SMR is calculated as a ratio of signal energy within the sub-band (for Layers I and II) or a group of sub-bands (Layer III) to the minimum threshold for that sub-band. This is the final output of the psychoacoustic model. The masking threshold computed from the spread energy and the tonality index.

### Quantization and Coding

A system of two nested iteration loops is the familiar solution for quantization and coding in a Layer-3 encoder. Quantization is done via a power-law quantizer. In this way, larger values are automatically coded with less accurateness, and some noise shaping is already built into the quantization process. The quantized values are coded by Huffman coding. To adapt the coding process to different local statistics of the music signals, the optimum Huffman table is chosen from a number of choices. The Huffman coding works on parallel and, in the case of very small numbers to be coded, in quadruples. To get even better adaption to signal statistics, different Huffman code tables can be selected for different parts of the spectrum. Since Huffman coding is essentially a variable code length method and because noise shaping has to be done to keep the quantization noise below the masking threshold, a global gain value (which determines the quantization step size) and scalefactors (which determine the noise-shaping factors for each scalefactor band) are applied before actual quantization. The process to find the optimum gain and scalefactors for a given block, bit-rate and output from the perceptual model is usually done by two nested iteration loops in an analysis-by-synthesis way:

- Inner iteration loop (rate loop)
- Outer iteration loop (noise control loop)

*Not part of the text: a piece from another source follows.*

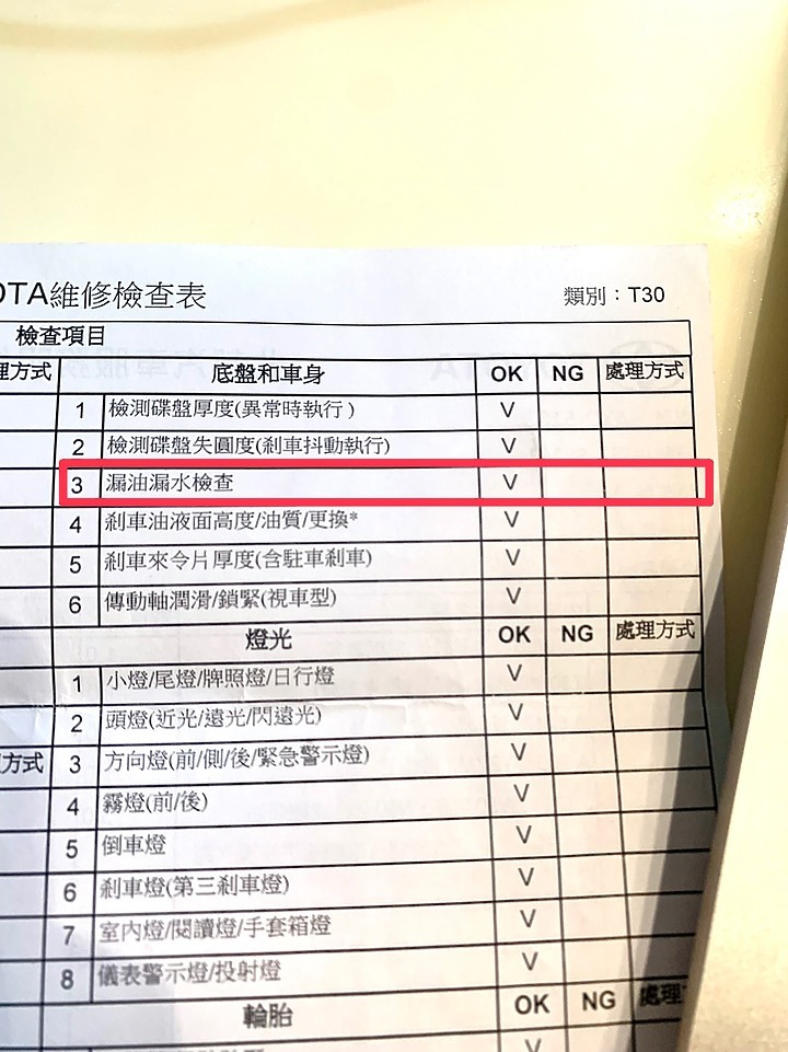 下圖為維修檢查表,漏油漏水檢查竟然OK

The Huffman code tables assign shorter code words to (more frequent) smaller quantized values. If the number of bits resulting from the coding operation exceed the number of bits able to code a given block of data, this can be corrected by adjusting the global gain to result in a larger quantization step size, leading to smaller quantized values. This operation is repeated with different quantization step sizes until the resulting bit demand for Huffman coding is small enough. The loop is called rate loop because it modifies the overall coder rate until it is small enough.

To shape the quantization noise according to the masking threshold, scalefactors are applied to each scalefactor band. The systems starts with a default factor of 1.0 for each band. If the quantization noise in a given band is found to exceed the masking threshold (allowed noise) as supplied by the perceptual model, the scalefactor for this band is adjusted to reduce the quantization noise. Since achieving a smaller quantization noise requires a larger number of quantization steps and thus a higher bit-rate, the rate adjustment loop has to be repeated every time new scalefactors are used. In other words, the rate loop is nested within the noise control loop. The outer (noise control) loop is executed until the actual noise (computed from the difference of the original spectral values minus the quantized spectral values) is below the masking threshold for every scalefactor band (i.e. critical band).

While the inner iteration loop always converges (if necessary, by setting the quantization step size large enough to zero out all spectral values), this is not true for the combination of both iteration loops. If the perceptual model requires quantization step sizes so small that the rate loop always has to increase them to enable coding at the required bit-rate, both can go on forever. To avoid this situation, several conditions can be checked to stop the iterations more early. However, for fast encoding and good coding results, such a condition should be avoided. This is one reason why an MPEG Layer-3 encoder usually needs tuning of the parameter sets of the perceptual model for each bit-rate.